Entries taken from a collection:
::::
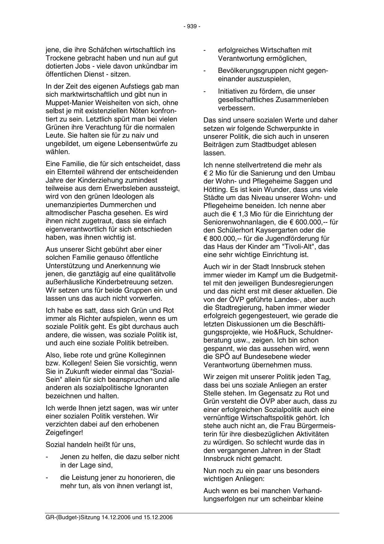 GR-(Budget-)Sitzung 14.12.2006 und 15.12.2006
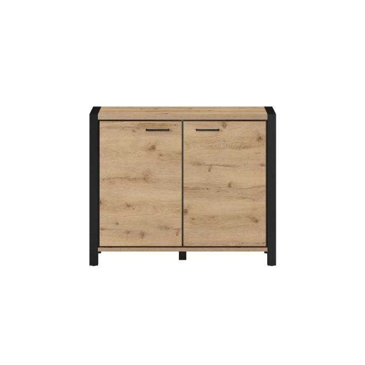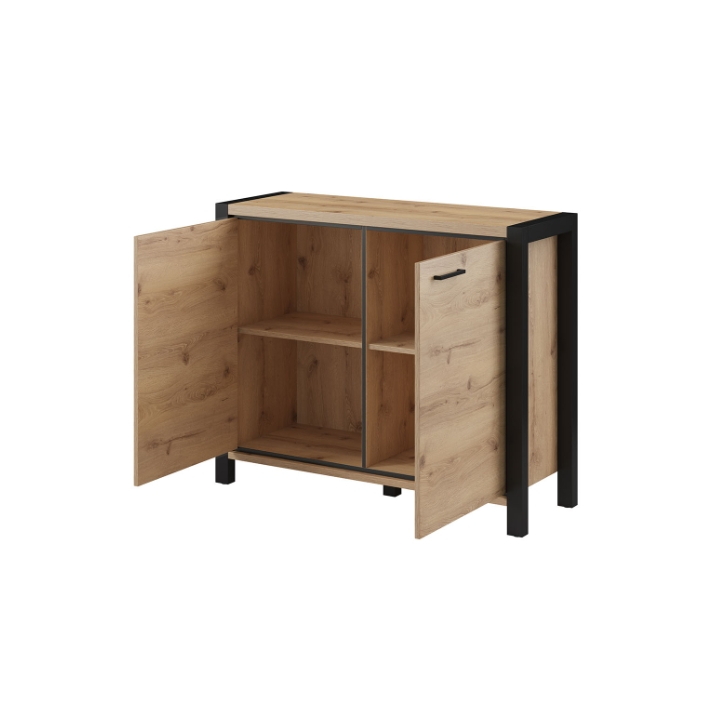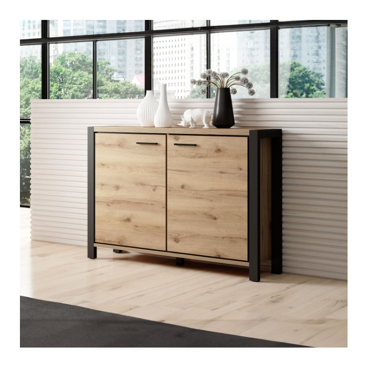 Wymiary komody to szerokość 112 cm, wysokość 91 cm oraz głębokość 41 cm, co czyni ją meblem o proporcjonalnej budowie, pozwalającym na optymalne zagospodarowanie przestrzeni. Dwudrzwiowa konstrukcja kryje w sobie półki, które zapewniają miejsce do uporządkowania różnego rodzaju przedmiotów. Czarne, metalowe uchwyty nie tylko pełnią rolę użytkową, lecz także podkreślają zdecydowany charakter bryły.
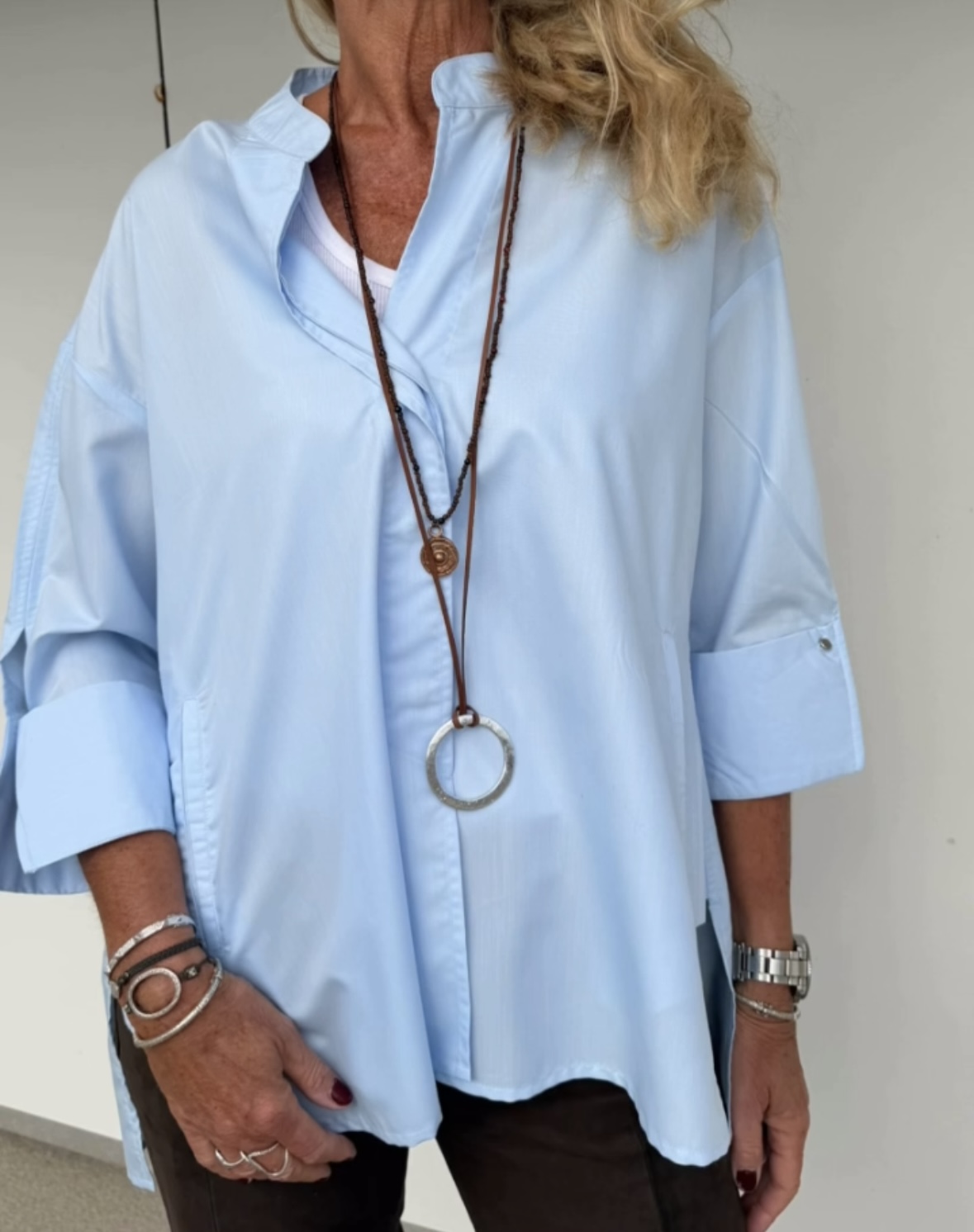 Super smuk skjorte fra Wauw. Skjorten har et loose fit, med kinakrave og skjult knaplukning. Skjorten har fede lapper bagpå med teksten ‘wauw you look good’. Skjorten har en v-udskæring, som åbner skjorten flot op. Skjorten har sidelommer.
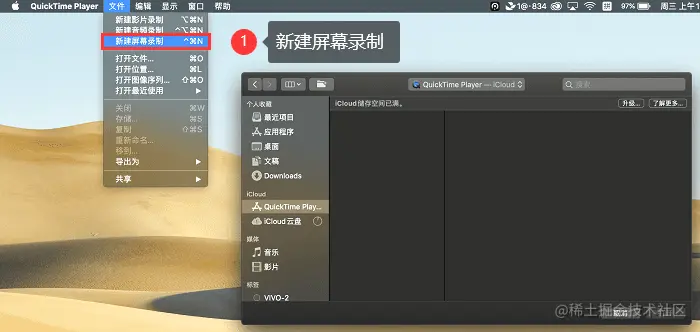 步骤2:在菜单栏中,点击 “文件” 选项,然后选择 “新建屏幕录制” 。点击录制按钮后,会出现一个选取区域的框。拖动这个框来选择您希望录制的屏幕区域。您可以选择全屏录制,也可以选择特定区域进行录制。
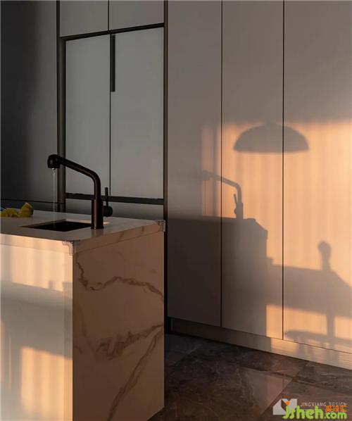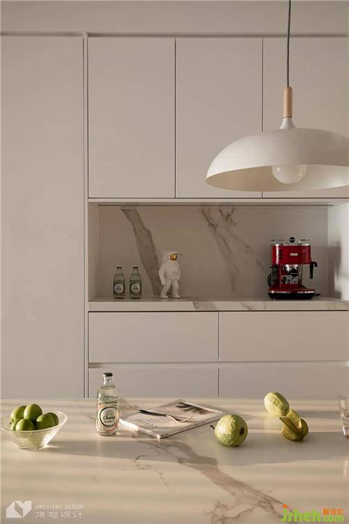 U型廚房優(yōu)化生活動線。根據(jù)梁體合理布置整面儲物柜,掩蓋空間缺陷,視覺上更加統(tǒng)一。島臺采用大理石材質(zhì),既可做水吧臺,深圳室內(nèi)設(shè)計師也能做西廚處理冷食。
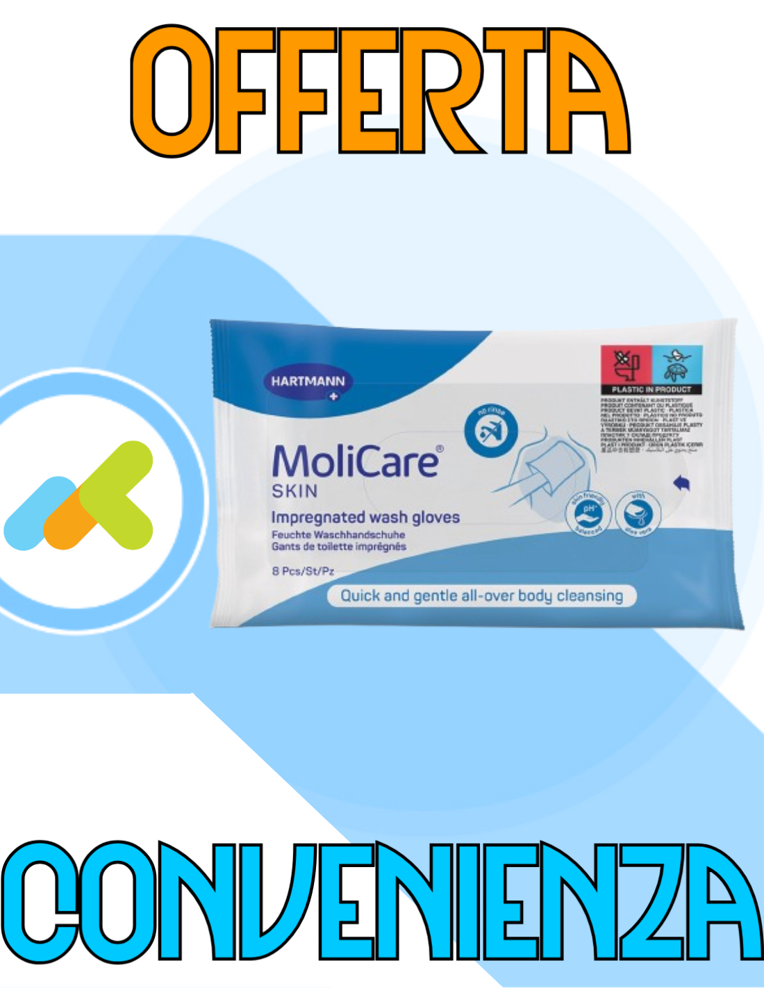 - Possono essere utilizzate più volte? No, le manopole MoliCare Skin sono progettate per un solo utilizzo. Dopo aver lavato una parte del corpo, è consigliabile smaltire la manopola per garantire la massima igiene.
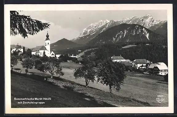 AK Haus, Teilansicht mit Kirche und Dachsteingruppe
::::
Problem requirements >> Would you give again, exactly, the lines in the data above that run from the line containing "Super smuk skjorte" to the line containing "U型廚房優(yōu)化生活動"? Include both ends and no pictures.

Exercise answer >>
 Super smuk skjorte fra Wauw. Skjorten har et loose fit, med kinakrave og skjult knaplukning. Skjorten har fede lapper bagpå med teksten ‘wauw you look good’. Skjorten har en v-udskæring, som åbner skjorten flot op. Skjorten har sidelommer.
 步骤2:在菜单栏中,点击 “文件” 选项,然后选择 “新建屏幕录制” 。点击录制按钮后,会出现一个选取区域的框。拖动这个框来选择您希望录制的屏幕区域。您可以选择全屏录制,也可以选择特定区域进行录制。
 U型廚房優(yōu)化生活動線。根據(jù)梁體合理布置整面儲物柜,掩蓋空間缺陷,視覺上更加統(tǒng)一。島臺采用大理石材質(zhì),既可做水吧臺,深圳室內(nèi)設(shè)計師也能做西廚處理冷食。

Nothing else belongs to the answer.